Task |
In the entries below, find the line with "Сходи для наземних" and the line with "Zdjęcie Kanada, Nowa"; copy them and every line between them exactly, but not the pictures.

--- Extracted material Enclosed Below ---

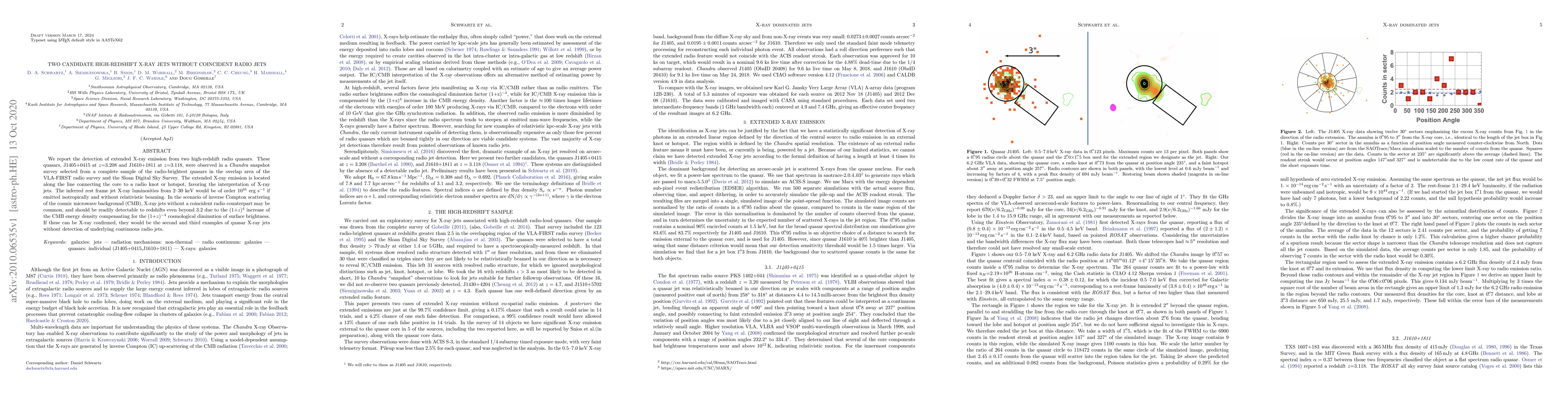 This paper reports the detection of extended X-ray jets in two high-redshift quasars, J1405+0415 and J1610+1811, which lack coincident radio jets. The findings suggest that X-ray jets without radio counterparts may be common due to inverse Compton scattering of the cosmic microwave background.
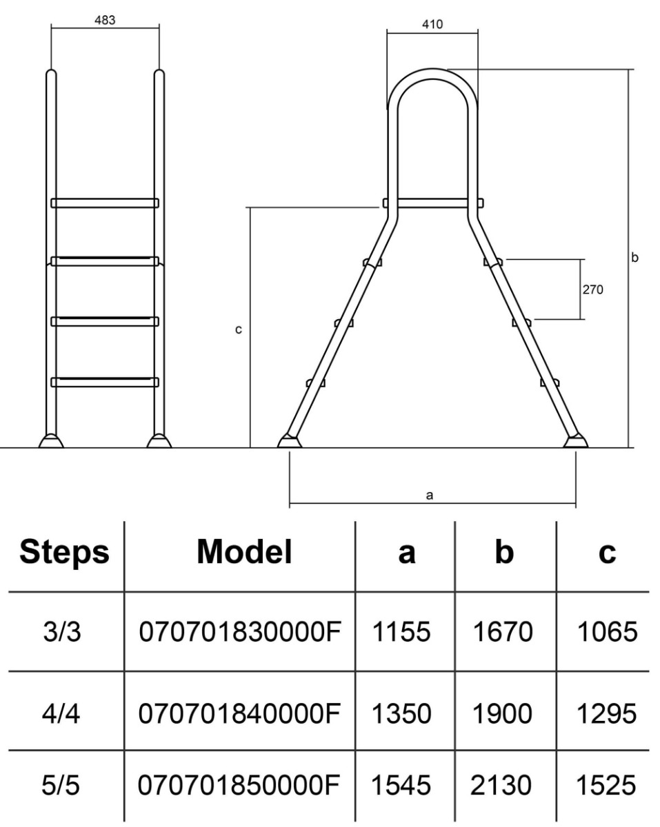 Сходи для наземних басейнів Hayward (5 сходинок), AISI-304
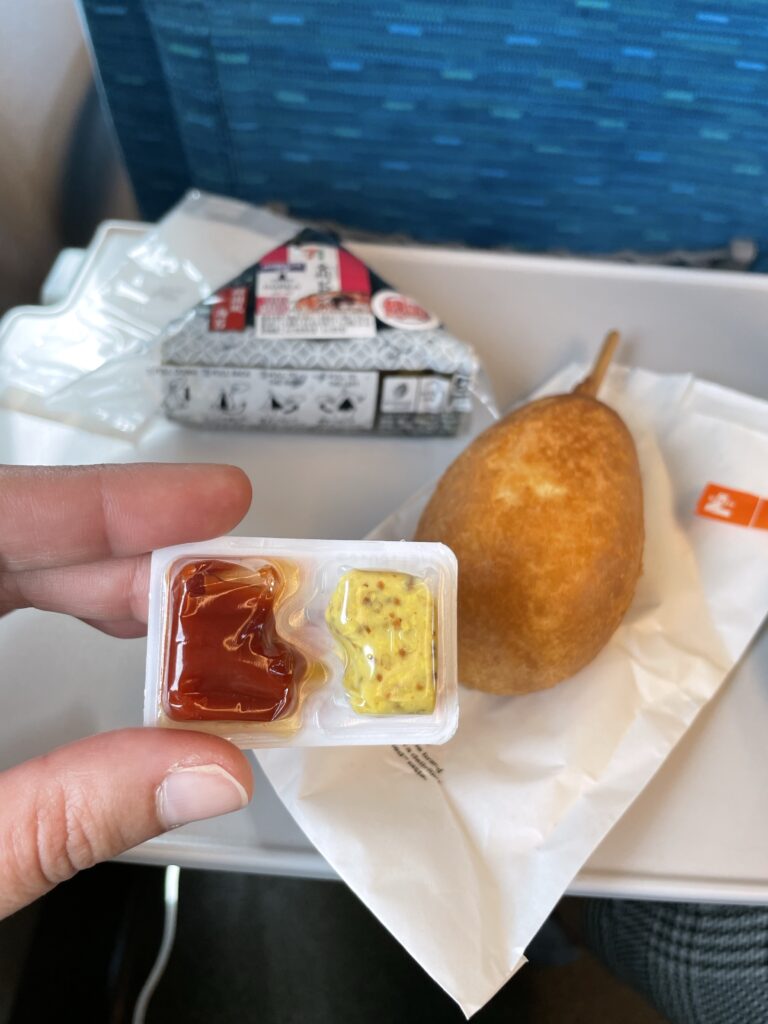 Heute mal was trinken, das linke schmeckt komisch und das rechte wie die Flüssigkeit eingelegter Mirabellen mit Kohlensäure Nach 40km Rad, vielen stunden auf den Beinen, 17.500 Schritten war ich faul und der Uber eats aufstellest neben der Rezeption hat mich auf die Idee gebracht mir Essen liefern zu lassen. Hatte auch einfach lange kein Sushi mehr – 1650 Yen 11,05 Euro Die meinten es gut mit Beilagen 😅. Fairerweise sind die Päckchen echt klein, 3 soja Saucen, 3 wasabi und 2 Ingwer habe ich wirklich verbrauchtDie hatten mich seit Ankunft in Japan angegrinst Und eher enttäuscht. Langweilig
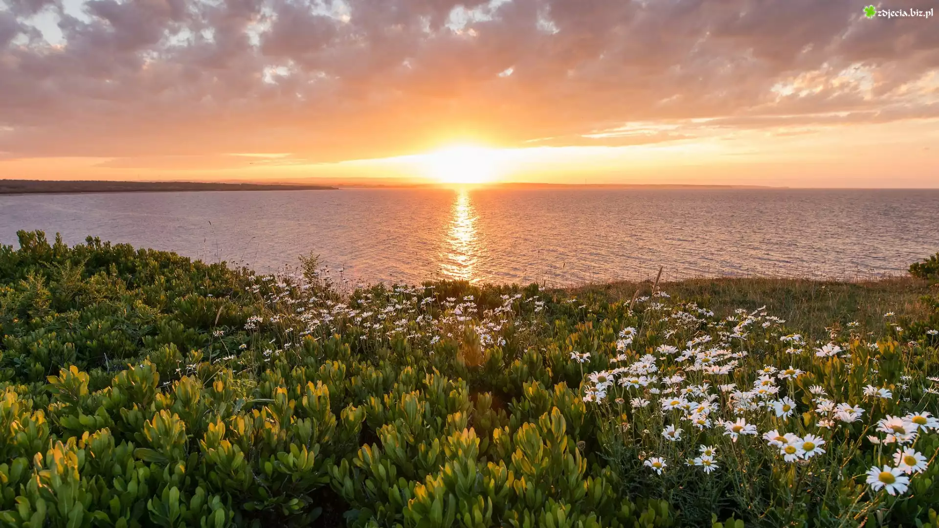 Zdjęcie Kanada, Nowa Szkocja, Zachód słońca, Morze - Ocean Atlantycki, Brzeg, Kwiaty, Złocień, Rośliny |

--- End of Enclosed Extracted material ---
--- Extracted material Enclosed Below ---

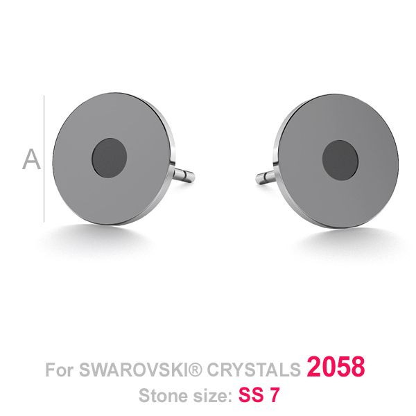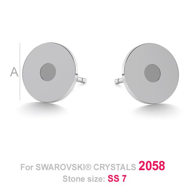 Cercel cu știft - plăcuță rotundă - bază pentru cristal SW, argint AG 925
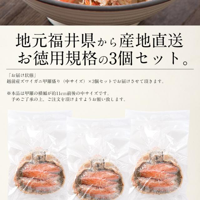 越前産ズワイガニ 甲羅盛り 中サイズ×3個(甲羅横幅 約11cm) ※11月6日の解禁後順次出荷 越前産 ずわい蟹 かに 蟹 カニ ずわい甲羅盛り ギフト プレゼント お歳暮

--- End of Enclosed Extracted material ---

Response area |
 Сходи для наземних басейнів Hayward (5 сходинок), AISI-304
 Heute mal was trinken, das linke schmeckt komisch und das rechte wie die Flüssigkeit eingelegter Mirabellen mit Kohlensäure Nach 40km Rad, vielen stunden auf den Beinen, 17.500 Schritten war ich faul und der Uber eats aufstellest neben der Rezeption hat mich auf die Idee gebracht mir Essen liefern zu lassen. Hatte auch einfach lange kein Sushi mehr – 1650 Yen 11,05 Euro Die meinten es gut mit Beilagen 😅. Fairerweise sind die Päckchen echt klein, 3 soja Saucen, 3 wasabi und 2 Ingwer habe ich wirklich verbrauchtDie hatten mich seit Ankunft in Japan angegrinst Und eher enttäuscht. Langweilig
 Zdjęcie Kanada, Nowa Szkocja, Zachód słońca, Morze - Ocean Atlantycki, Brzeg, Kwiaty, Złocień, Rośliny |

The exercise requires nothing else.